At that point, the data hadn't really been put together and there wasn't an organised faction within the US government that was aware of the unforeseen consequences of Project Jade Serenity. Even if there were, at that time, some few people within the US Army who had an inkling (and knew that illegal experimentation had been carried out), they had no reason to assume that having (then) SFC Mackenzie Chase Taylor rot away in Fort Leavenworth would do any harm to their interests.

There were these two military men suspected or convicted of crimes who orchestrated an escape from the base (outlying part of Camp Mackall, NC) where the Project Jade Serenity experiments were set, but two deserters/escaped prisoners, even violent, murdering ones, seemed like a problem a coterie of conspirational officers within the US Army, DARPA or DOD could solve.

Some of the people who were covering up crimes might have planned to ensure that the deserters remained uncaught (and thus silent) or that whenever the deserters were ultimately caught, they would elect to take a plea bargain that included not airing old dirty laundry about the experiments in return for backing off from the death penalty. Hell, there might have been some people afraid enough of them talking who were considering arranging that when they were caught, they weren't brought in alive.

It was only after evidence began to come to light that the former Project Jade Serenity test subjects were exhibiting profoundly strange medical issues that things began to change. Some time after that information first became clear to a small group of people with access to widely disparate information sources, some people in the El Paso Intelligence Center (EPIC) put together an intelligence picture that made it imperative to mount a task force to capture the escaped military convicts/deserters in Mexico.

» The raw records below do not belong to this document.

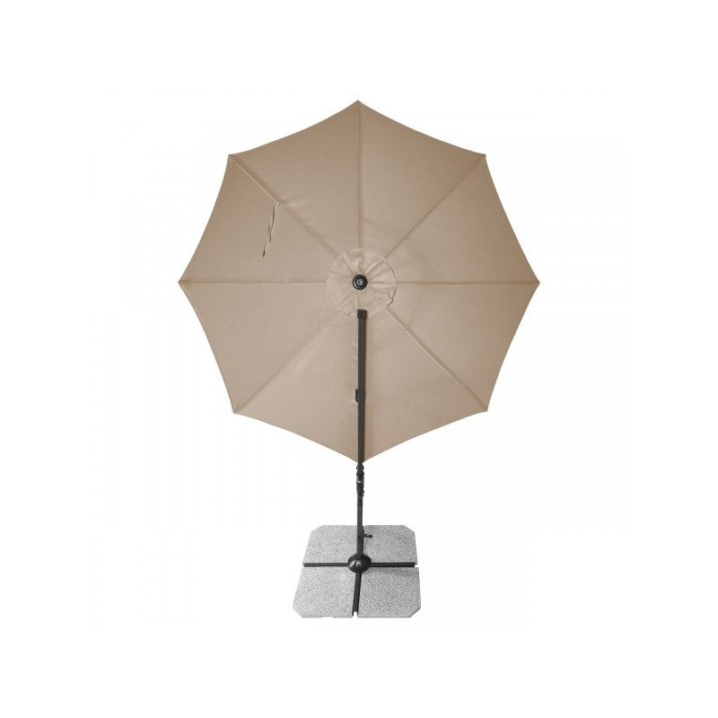 Žulový stojan, ktorý vďaka kolieskam na spodnej strane ľahko presuniete na požadovanú pozíciu na terase. Vhodný pre slnečníky s priemerom strechy až 350 cm. Žula je mimoriadne tvrdá a odolná, takže podstavec je absolútne odolný voči vplyvom počasia. Musíme však zdôrazniť, že žula je prirodzený produkt, takže štruktúra a farba sa môže líšiť.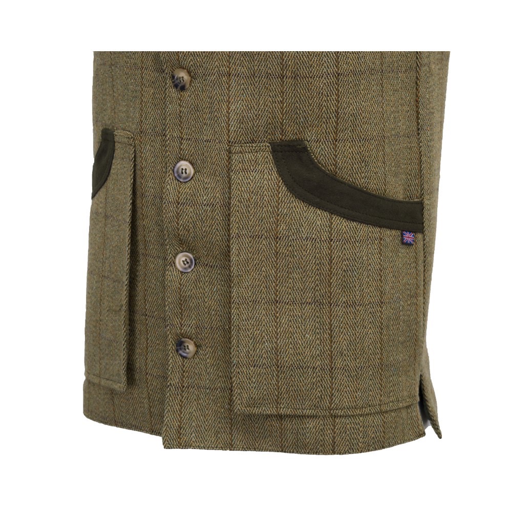 Tweedväst tillverkad i Storbritannien av Derby tweed med högsta kvalitet. Två fickor i fronten samt en innerficka med dragkedja. Västen är teflonbehandlad för att motverka smuts och fläckar. Finns i 3 olika färgkombinationer i storlekarna S-3XL och kostar 1695:-/st. Finns även matchande twedbreeks, tweedjacka och keps.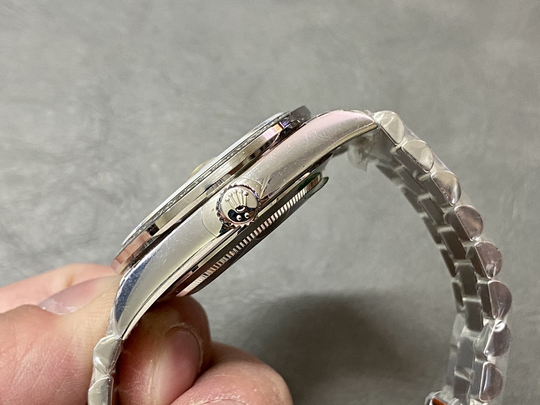 • Rolex Day-Date 40 Platinum Arabic Numerals Green with Diamonds 228396tbr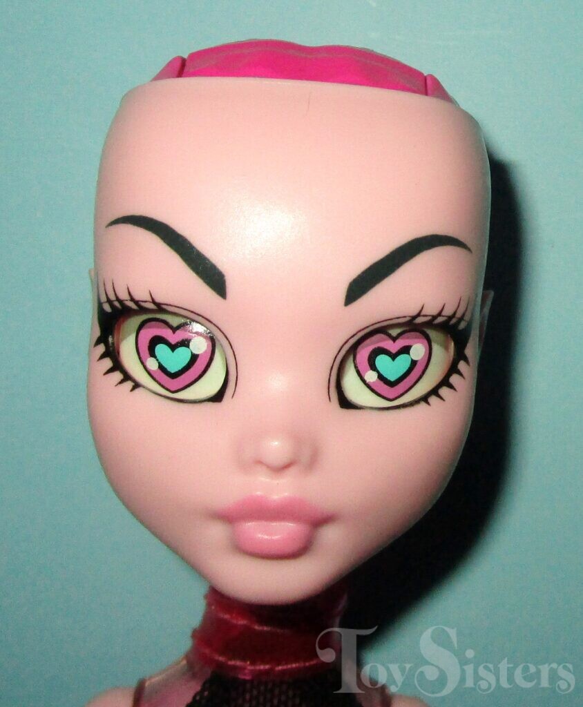 The Inner Monster Fangtastic Love & Fearfully Feisty Starter was released in 2014. When you push a button on the top of her head her eyes rotate to one of three designs. She also comes with a face plate that clips onto her face to give her an additional expression.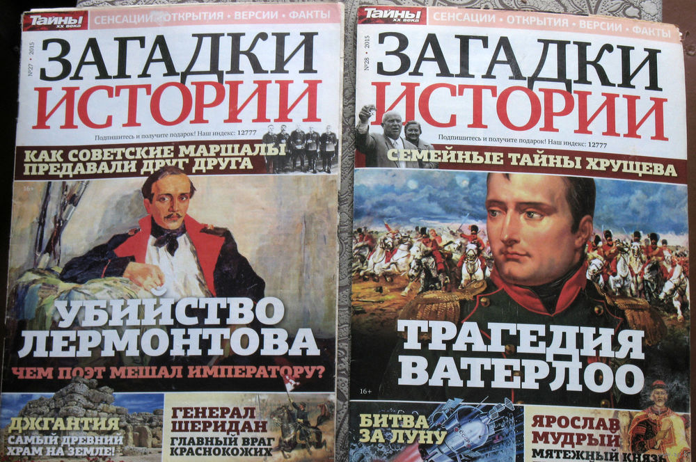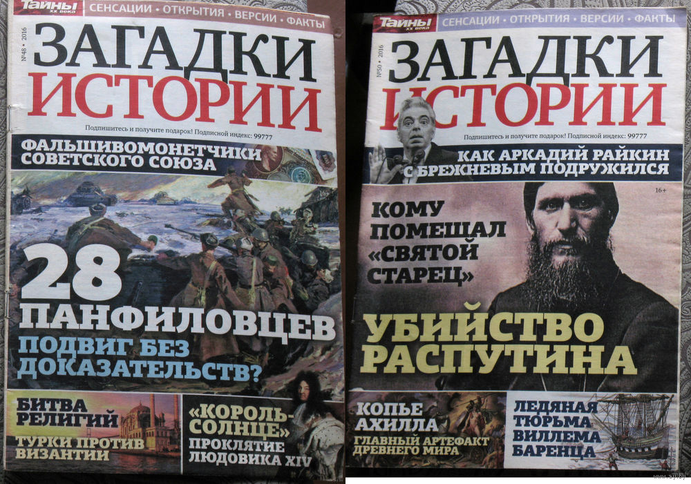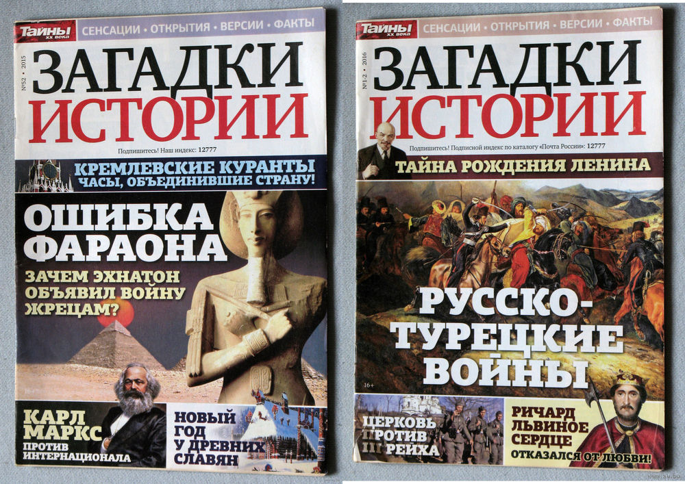 Журнал Загадки истории номера 3,22,27,28,30,33,34,42,52 2015 номера 1-2,35,39,48,50 2016

The two were by now apparently powerful figures in the drug cartels and were living more or less openly within a certain area near the border. The local authorities seemed thoroughly cowed, subverted or both and the federal police, for some reason, refused to operate in the area. After the FBI, US Marshals, DEA and the CBP and ICE tried and failed to get the Mexican authorities to arrest the two men and several other US citizens allegedly involved in criminal conspiracies in the area, some shadowy figures within high military circles apparently came up with an alternate plan.

Colonel Ortiz, who used to be the commanding officer of Raul Vargas, the former Special Forces warrant officer who was now a high-up in the Knights Templars, was authorised to mount an operation where some of Vargas' former comrades-in-arms would approach him with an offer to squash the more serious crimes he was accused in return for him turning himself in to the task force now established to deal with the fall-out of Project Jade Serenity, which was codenamed Onyx Rain.

Whether Colonel Ortiz received secret orders to kill Vargas if that approach failed is not known to the PCs. What they were told is that the fall-back plan was capture and rendering back to the US, where he would have been turned over to a law enforcement task force composed of Army CID and CBP/ICE. In any event, Col. Ortiz and his hand-picked team of Special Forces never came back from the mission. They were not killed, however, and intelligence indicates that they are still in the area, but not replying to attempts to contact them.

Sherilyn Bell, at the Manhanock Asylum for the Criminally Insane, is Raul Vargas' former girlfriend and the mental health technician who helped him escape from Project Jade Serenity. Onyx Rain believes that she has been in contact with him within the last five years, when Bell managed to get a hold of a cell phone in a security breach at Manhanock. It is possible that Bell may have information that would help to capture Vargas and Onyx Rain is even considering the possibility of using her as an informant or double agent in an operation to do so.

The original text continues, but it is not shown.